Some dogs can also have mobility issues or general health problems which can make bathing at home incredibly difficult or almost impossible. For these dogs, the helping hand of a trained professional would greatly improve the experience and will ensure they’re safe during the procedure. If the pup is anxious and needs to be calmed during bathing; if a bad skin condition requires specific products; or even if the pup has recently had surgery and needs to be washed carefully, a professional dog groomer can help. Dogs with behavioral problems such as anxiety, stress or aggression can also be difficult to bathe as they typically don’t enjoy the experience very much. If your pooch has a behavioral problem or they’re just too difficult to bathe by yourself, you could seek professional help from a groomer. However, not every groomer will be comfortable or trained to bathe dogs with behavioral problems (particularly aggressive dogs) so you’ll need to inform them of any conditions or behaviors ahead of time.
Bathing your dog can be enjoyable or challenging (or both) but most puppy parents love the experience as it allows them to bond with their canine companion. Don’t expect it to be a smooth process though, not every dog enjoys being bathed immediately. If you start bathing your pup while its young and you use treats as positive reinforcement, they should learn after not too long that bathing can be fun and enjoyable.

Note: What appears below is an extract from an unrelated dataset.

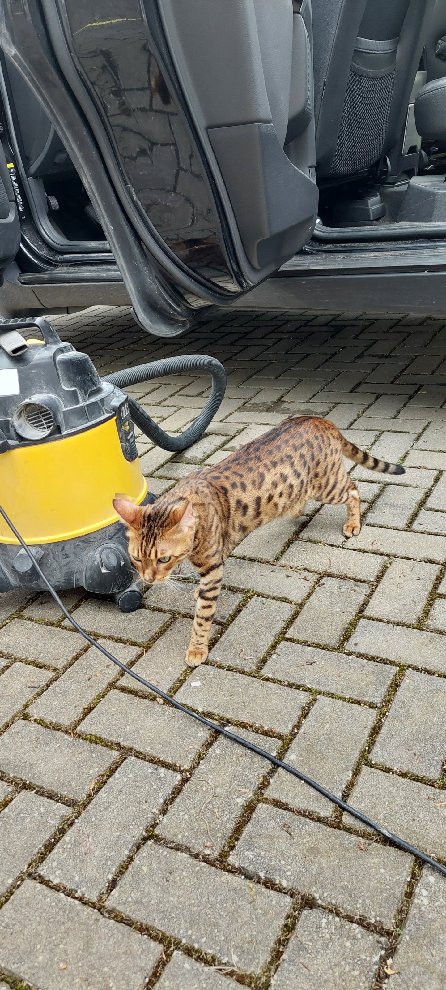 Ich hoffe sie steigt nur in dein Auto. Ist das eine Serengeti-Katze ?

By looking after your pup’s coat, brushing them regularly and bating when necessary you’ll minimize the risk of your doggo developing skin conditions and viral or fungal infections. You’ll need to use a shampoo and conditioner when bathing your pup to keep their coat in good shape. Repeating this process whenever necessary (weekly to once every 4 to 6 weeks) will also ensure your dog’s coat doesn’t become matted – a common problem for many physically active dogs. Using special shampoos and conditioners and seeking professional help or advice will help some pups who need extra care. So now you know how often to bathe a dog, what products to use and when to seek professional help.